Disappointedlama · Today 16:20

DjokovicsTowel · Today 11:28

Outside of MN most people don't see "bitch" as vile misogyny and see it as a slightly less mild insult

Wow. Are you for real? You are obviously outraged that someone used the slur ‘gay boy’, but bitch is a mild insult? You’re really showing your misogyny there.

YankSplaining · Today 16:28

SeaAndSangria · Today 11:39

All those saying 11 -13 is too young to be talking about crushes/who we fancy.
Really?! I definitely remember talking with my mates discussing which boys we fancied when I was 12, even 11 in the 1980s!
(I'm a straight female) Did nobody else really talk about crushes at that age?!
I agree with the poster that said the 8 year old needs educating, I'd have been mortified if my child had come out with that. Just to say in age appropriate terms that it's not nice to call people names and laugh at them like that, and that some people are gay and there's nothing wrong with that if so.
The 13 year old boy, I get he was upset but that's an absolutely unacceptable way to talk to a child too.
He needs telling in no uncertain terms as well not to do that again.

Agreed – since when is eleven years old too young to talk about having a crush?
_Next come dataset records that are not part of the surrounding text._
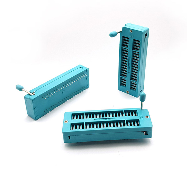 زیف سوکت 40 پین (ZIF Socket 40 Pin) یک کانکتور مخصوص برای قرار دادن و خارج کردن آیسیها و میکروکنترلرهای DIP بدون نیاز به فشار یا آسیب رساندن به پایههاست. واژه ZIF مخفف Zero Insertion Force به معنی "بدون نیروی فشاری" است؛ یعنی با بالا بردن یا پایین آوردن اهرم روی سوکت، پایههای آیسی بهراحتی در جای خود قفل یا آزاد میشوند. این نوع سوکت معمولاً در پروگرامرهای آیسی، بردهای تست و تجهیزات آموزشی استفاده میشود و به دلیل داشتن 40 پایه، برای آیسیهای DIP با عرض استاندارد و طول زیاد (مثل میکروکنترلرهای خانواده 8051 یا برخی حافظهها) مناسب است. مزیت اصلی آن، جلوگیری از خم شدن یا شکستن پایهها و امکان استفاده مکرر از آیسیها در آزمایشها و برنامهریزی است.
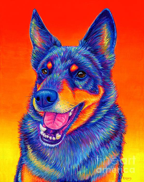 A colorful portrait of a blue heeler named Hyside in bright rainbow colors, on a sunset background. Artwork Copyright © Rebecca Wang,... more
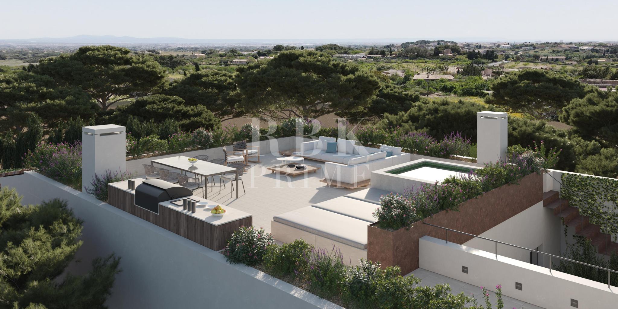 这座美妙的房子是马略卡岛 Establiments 出售的一个新项目,它将传统风格的魅力与现代设计融为一体。该物业占地307平方米;占地 537 平方米。一楼设有带燃木壁炉的宽敞客厅/餐厅、带烹饪岛的高端厨房以及带连接浴室和独立客用卫生间的主卧室。楼上还有两间带连接浴室的卧室、书房或阅读区以及 91 平方米的宏伟空间。露台享有全景。此外,这座房子的亮点是迷人的内部庭院,为该房产增添了更多特色。该酒店还拥有一个带自动灌溉系统的美丽花园和一个 30 平方米的花园。盐游泳池。为了让您更加舒适,房子还配有双车库、地暖、中央空调、天然石材和橡木地板、电视天线和卫星天线、视频输入电话和报警系统。至于户外区域,酒店设有两个烧烤设施:上层露台上的燃气烧烤设施和游泳池旁边的燃木烧烤设施。预计2025年底竣工,图片为效果图。
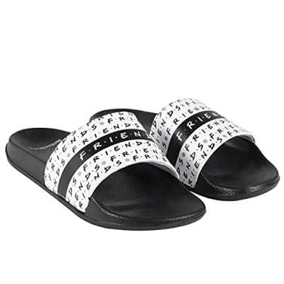 Adult flip flops - made of durable materials and pressed EVA sole, to provide better grip and safety when walking Pool flip flops - features a molded sole to the shape of the foot to ensure comfort at all times Summer Flat Sandals - Large Rubber Strap with F.R.I.E.N.D.S Print in Black and White Water Sandals - Perfect for enjoying at the pool or on the beach during summer days! Look for the full Friends collection and live a thousand adventures with the most famous group of friends on TV!

I was eleven in 1997-1998 and nearly every girl I knew was crazy for Leonardo DiCaprio – except for two who thought he “looked like a girl,” and one who insisted he couldn’t hold a candle to Matt Damon. My mother was thirteen when Beatlemania started, but according to her, every girl with an age in double digits had a favourite Beatle.

Wiltshirehammy · Today 16:30

GregoryFluff · Yesterday 20:51

He called a little child a bitch. Jesus Christ, his misogyny is showing. So she either didn't use the right language because she is small, or at worst, very mildly teased him, so he got aggressive with her. She dented his pride and ego, so he booted off.
I wouldn't want him anywhere near my daughters either

This. Whatever his sexuality, your son is growing up to be a nasty misogynist and you need to put some strict boundaries in place.

Goldensprat · Today 16:37

Her53ff43 · Today 16:05

It’s funny as the only children calling girls bitches that I come across are girls but that’s ok, as is homophobia apparently.

That is a strange post on a thread about a 13 year old boy calling a little girl a bitch. I appreciate you don't know him in real life but you've 'come across' him here as that's literally what this conversation is about.

Not that I think it's good for women and girls to use misogynistic language to each other, but surely you do understand why it's different and much more serious when boys and men do it?